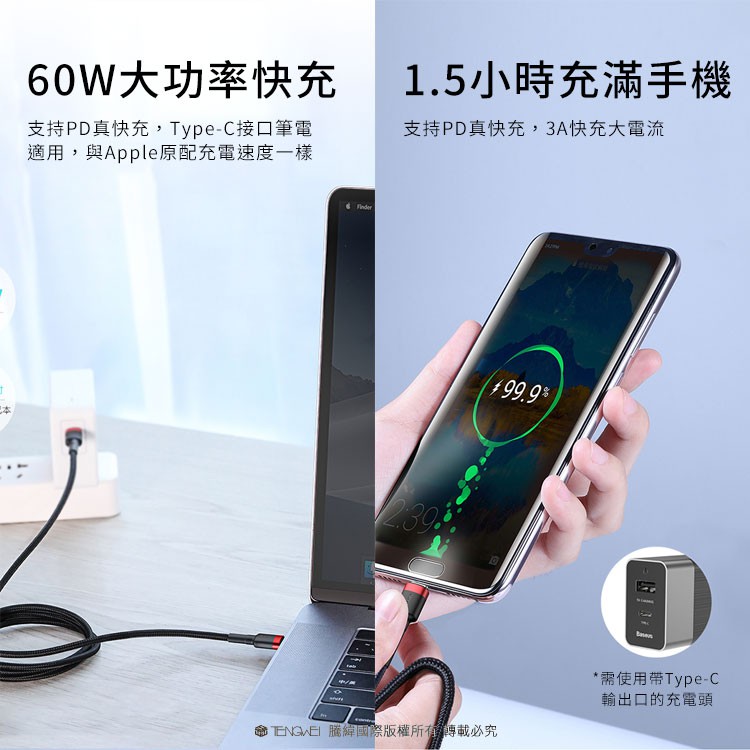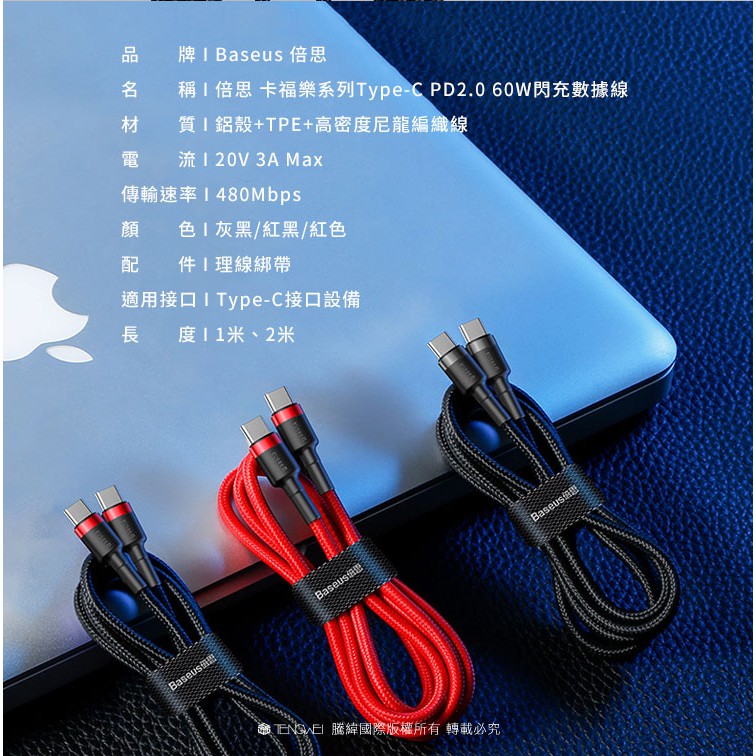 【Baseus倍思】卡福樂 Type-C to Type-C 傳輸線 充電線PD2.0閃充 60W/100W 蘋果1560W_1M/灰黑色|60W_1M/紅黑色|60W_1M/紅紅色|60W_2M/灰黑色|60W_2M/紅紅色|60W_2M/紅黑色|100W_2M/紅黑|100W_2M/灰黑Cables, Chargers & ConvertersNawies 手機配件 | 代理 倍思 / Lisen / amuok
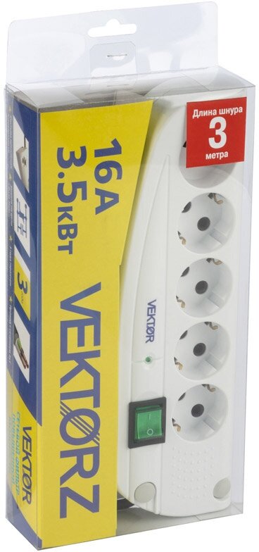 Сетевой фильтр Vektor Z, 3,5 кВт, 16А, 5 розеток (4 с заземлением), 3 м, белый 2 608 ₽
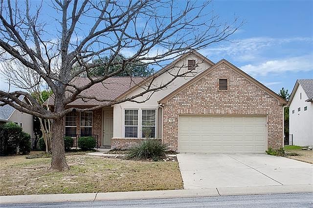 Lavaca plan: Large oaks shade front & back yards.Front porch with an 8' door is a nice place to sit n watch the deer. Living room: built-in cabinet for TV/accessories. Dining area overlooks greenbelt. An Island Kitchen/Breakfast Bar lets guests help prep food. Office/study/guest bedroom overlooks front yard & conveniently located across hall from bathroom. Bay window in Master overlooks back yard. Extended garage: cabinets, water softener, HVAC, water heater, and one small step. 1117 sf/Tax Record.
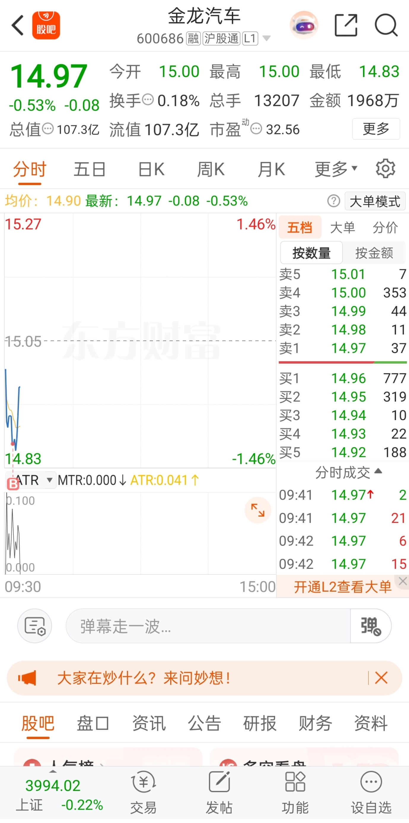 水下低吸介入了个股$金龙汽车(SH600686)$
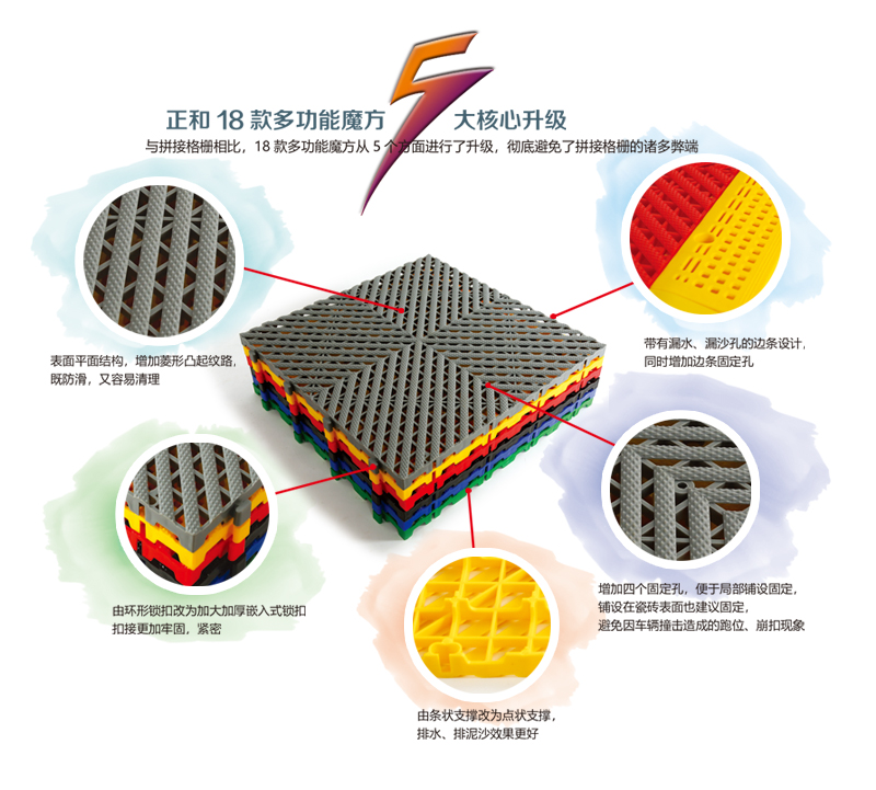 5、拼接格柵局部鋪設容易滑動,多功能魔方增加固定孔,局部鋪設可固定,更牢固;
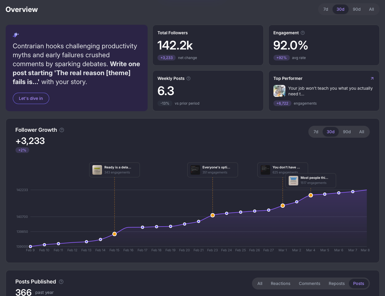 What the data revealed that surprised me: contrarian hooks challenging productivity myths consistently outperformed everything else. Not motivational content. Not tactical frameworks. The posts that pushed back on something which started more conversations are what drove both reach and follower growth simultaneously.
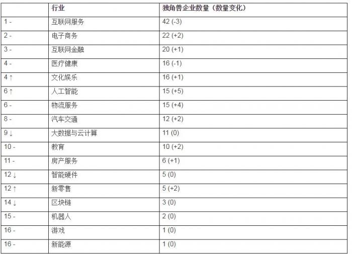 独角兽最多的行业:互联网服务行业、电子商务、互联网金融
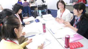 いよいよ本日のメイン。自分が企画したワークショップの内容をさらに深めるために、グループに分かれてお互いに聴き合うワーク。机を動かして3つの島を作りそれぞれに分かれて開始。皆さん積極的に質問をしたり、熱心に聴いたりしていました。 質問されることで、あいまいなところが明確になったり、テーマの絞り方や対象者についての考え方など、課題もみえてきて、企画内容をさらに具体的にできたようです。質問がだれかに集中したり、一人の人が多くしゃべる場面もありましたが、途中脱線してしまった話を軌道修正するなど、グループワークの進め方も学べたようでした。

— Requirement —
Beginning with the line with "5、拼接格柵局部鋪設容易滑動,多功能魔方增加固定孔,局部鋪設可固定,更牢固;", repeat the entries above exactly, up to and including the last line, leaving out pictures.

— Exercise answer —
 5、拼接格柵局部鋪設容易滑動,多功能魔方增加固定孔,局部鋪設可固定,更牢固;
 What the data revealed that surprised me: contrarian hooks challenging productivity myths consistently outperformed everything else. Not motivational content. Not tactical frameworks. The posts that pushed back on something which started more conversations are what drove both reach and follower growth simultaneously.
 独角兽最多的行业:互联网服务行业、电子商务、互联网金融
 いよいよ本日のメイン。自分が企画したワークショップの内容をさらに深めるために、グループに分かれてお互いに聴き合うワーク。机を動かして3つの島を作りそれぞれに分かれて開始。皆さん積極的に質問をしたり、熱心に聴いたりしていました。 質問されることで、あいまいなところが明確になったり、テーマの絞り方や対象者についての考え方など、課題もみえてきて、企画内容をさらに具体的にできたようです。質問がだれかに集中したり、一人の人が多くしゃべる場面もありましたが、途中脱線してしまった話を軌道修正するなど、グループワークの進め方も学べたようでした。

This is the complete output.